::: AVAILABLE RECORDS

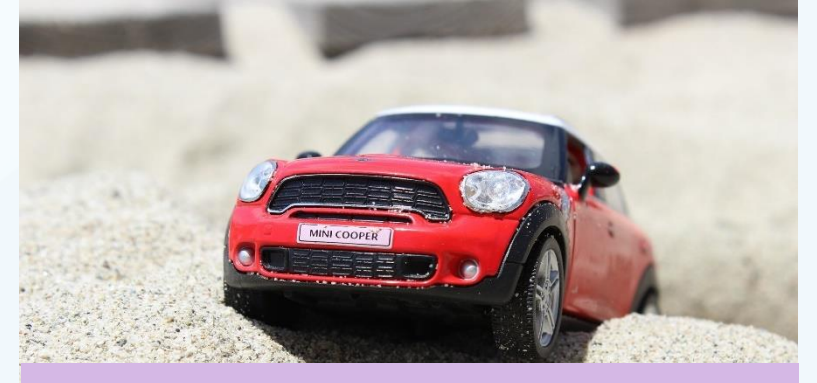
Although he was driving over the sand cautiously, every now and then the car wheels got stuck.
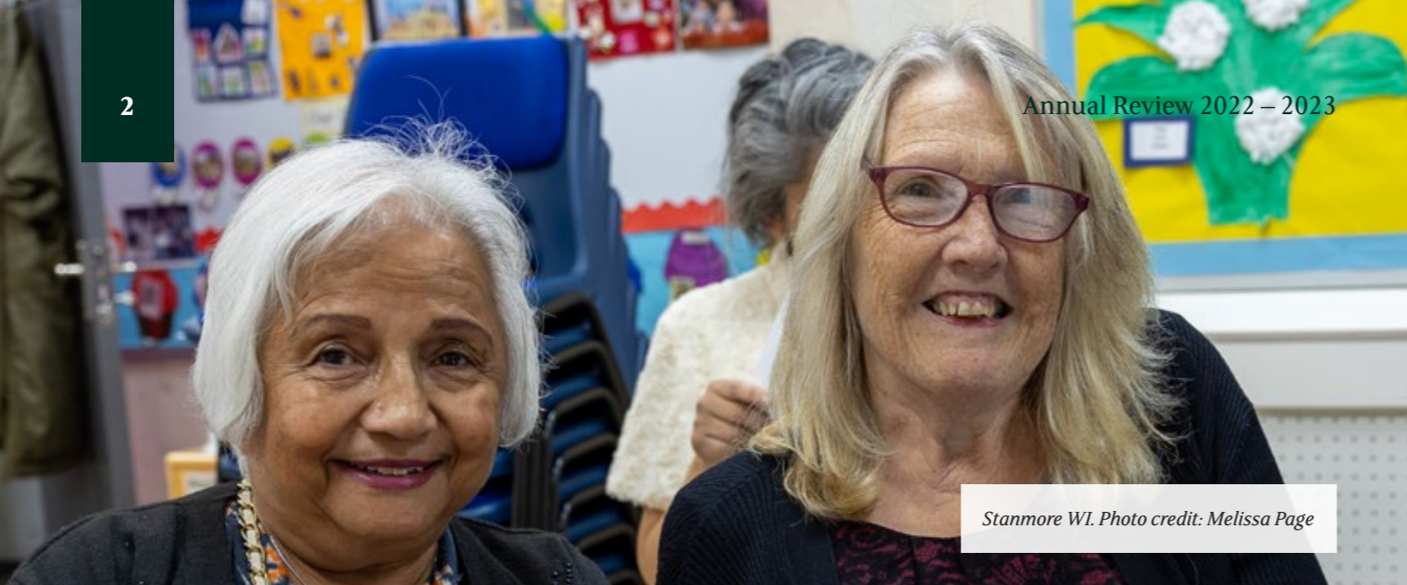
Stanmore WI.
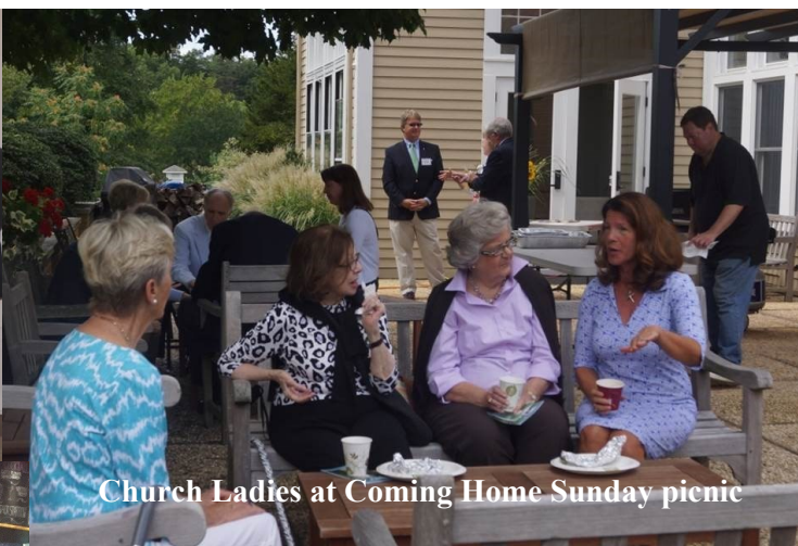
Church Ladies at Coming Home Sunday picnic
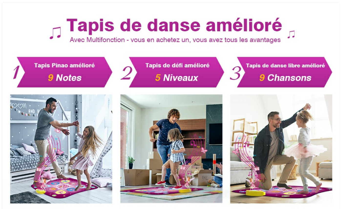
Image: Visual representation of the three interactive game modes available on the Rodzon Dance Mat, detailing how each mode functions.

Press the START button to access this mode. It features nine built-in songs. Children can dance freely to the rhythm of the music.
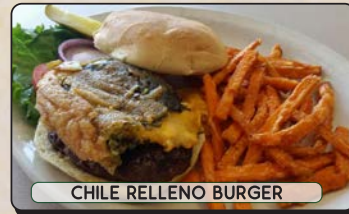
CHILE RELLENO BURGER

Sliced sirloin marinated and grilled with peppers and onions. Served in a hoagie with melted Monterey Jack on top. Philly goes south of the border!
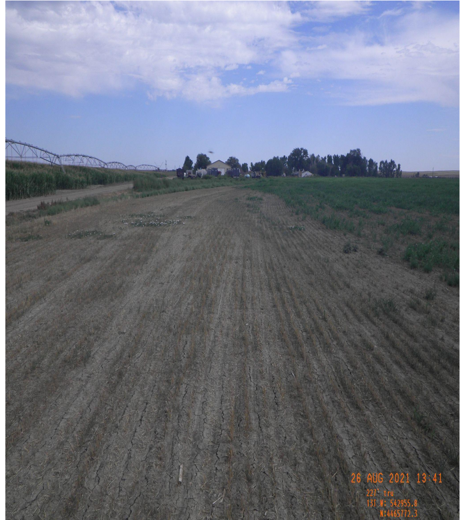
Photo 4. Ground photos taken from the middle of the tank battery. Left photo facing north, right photo facing east.
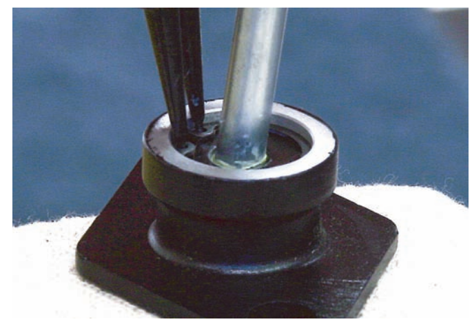
The pushrod was installed into the piston far enough make room for the snap ring to be installed. It is important for the snap ring to sit inside of the groove.
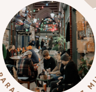
PARAGON ARCADE 3 MINS WALK
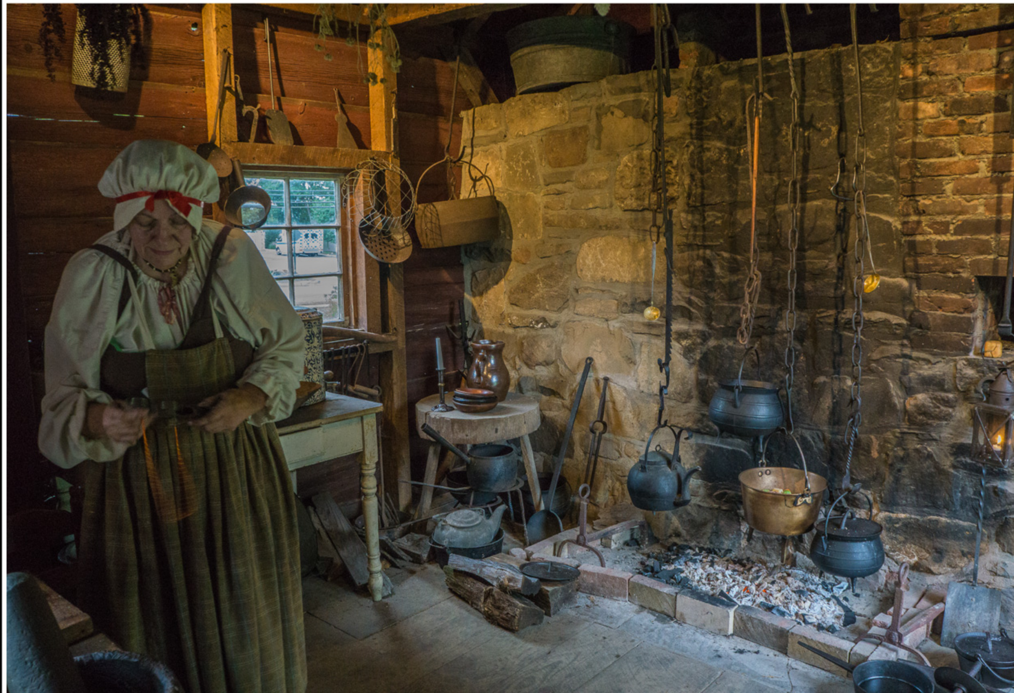
Kitchen: Hopper-Goetschius House Museum
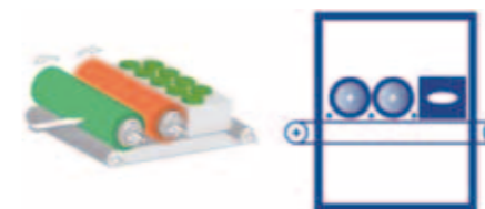
UniSander Disk Aggressive surfase sanding. Finish sanding – high gloss lacquer and folia / High Gloss. All types of materials.
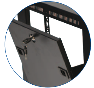
Lockable, Removable Side Panels
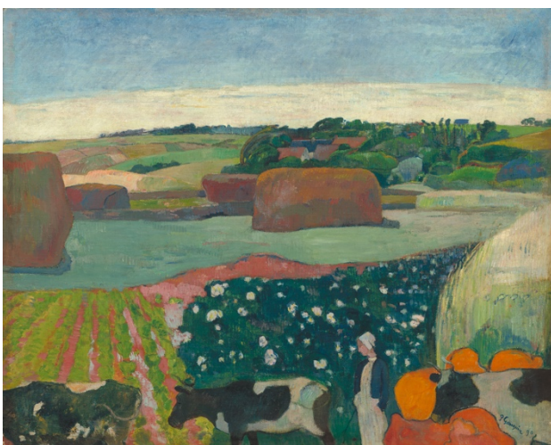
05_ Heugarben in der Bretagne, 1890 © Paul Gauguin
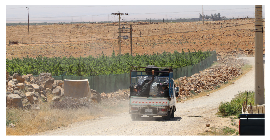
Workers travelling to agricultural work

Senior Lecturer, Centre for Development and Emergency Practice, Oxford Brookes
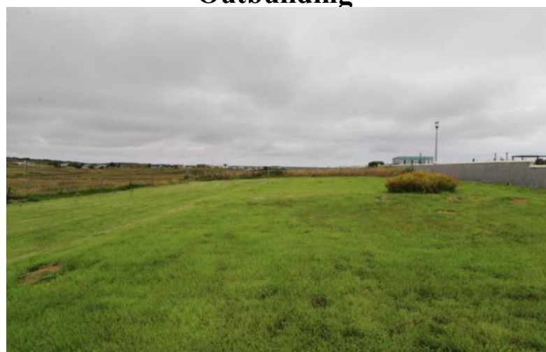
Rear Garden Grounds
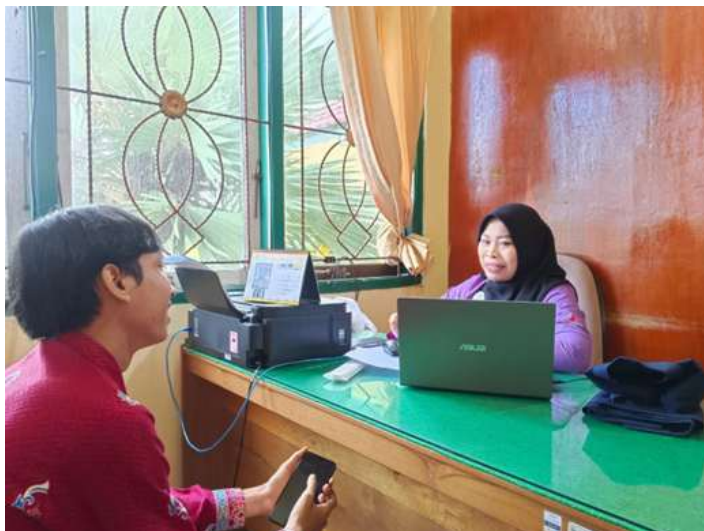
Figure 4. Introduction to the Budget and Supervision Division staff

At the beginning of this activity, emphasis was also placed on the importance of communication and collaboration between various sections within the DPRD Secretariat. Interns were invited to participate in internal discussions involving council members and staff, so that they could experience the working atmosphere and understand the challenges faced in carrying out legislative tasks.
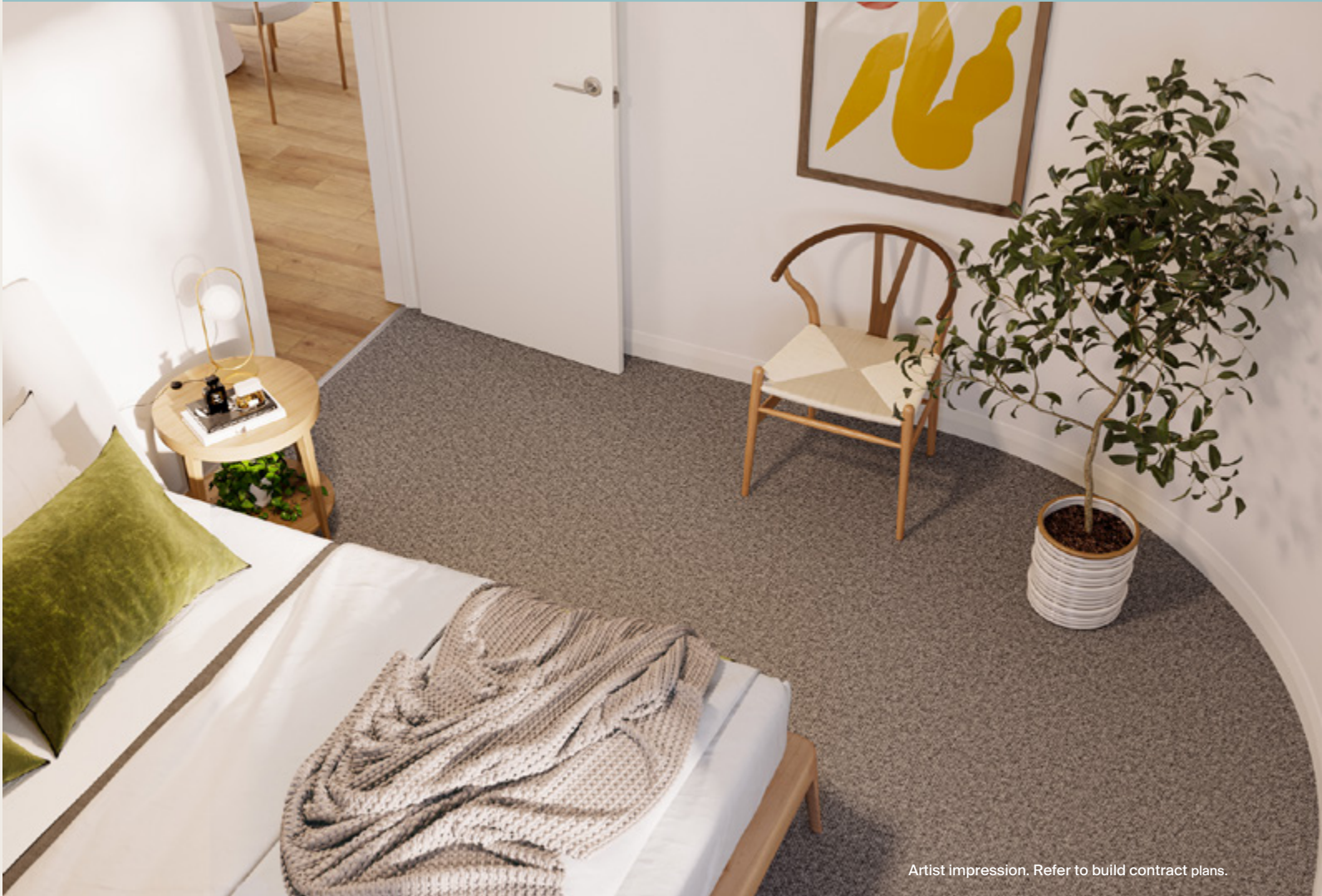
Artist impression. Refer to build contract plans.
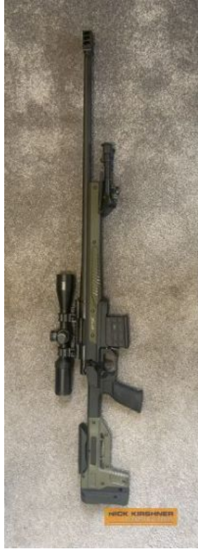
Outside Entry 4 - J Maloney
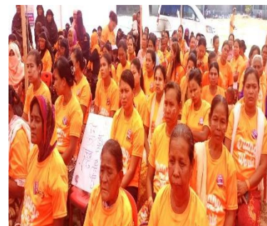
Women Gathering on Climate change and GBV: Celebrating 16 Days of Activism with Indegenous Women (Rakhaine Community) at Sagarmoni High School, Chowfaldandi, Cox’s Bazar on 28 November 2023

::::::

The result should be all the records, retyped exactly, with no pictures among them.

SOLUTION BELOW:
Although he was driving over the sand cautiously, every now and then the car wheels got stuck.
Stanmore WI.
Church Ladies at Coming Home Sunday picnic
Image: Visual representation of the three interactive game modes available on the Rodzon Dance Mat, detailing how each mode functions.

Press the START button to access this mode. It features nine built-in songs. Children can dance freely to the rhythm of the music.
CHILE RELLENO BURGER

Sliced sirloin marinated and grilled with peppers and onions. Served in a hoagie with melted Monterey Jack on top. Philly goes south of the border!
Photo 4. Ground photos taken from the middle of the tank battery. Left photo facing north, right photo facing east.
The pushrod was installed into the piston far enough make room for the snap ring to be installed. It is important for the snap ring to sit inside of the groove.
PARAGON ARCADE 3 MINS WALK
Kitchen: Hopper-Goetschius House Museum
UniSander Disk Aggressive surfase sanding. Finish sanding – high gloss lacquer and folia / High Gloss. All types of materials.
Lockable, Removable Side Panels
05_ Heugarben in der Bretagne, 1890 © Paul Gauguin
Workers travelling to agricultural work

Senior Lecturer, Centre for Development and Emergency Practice, Oxford Brookes
Rear Garden Grounds
Figure 4. Introduction to the Budget and Supervision Division staff

At the beginning of this activity, emphasis was also placed on the importance of communication and collaboration between various sections within the DPRD Secretariat. Interns were invited to participate in internal discussions involving council members and staff, so that they could experience the working atmosphere and understand the challenges faced in carrying out legislative tasks.
Artist impression. Refer to build contract plans.
Outside Entry 4 - J Maloney
Women Gathering on Climate change and GBV: Celebrating 16 Days of Activism with Indegenous Women (Rakhaine Community) at Sagarmoni High School, Chowfaldandi, Cox’s Bazar on 28 November 2023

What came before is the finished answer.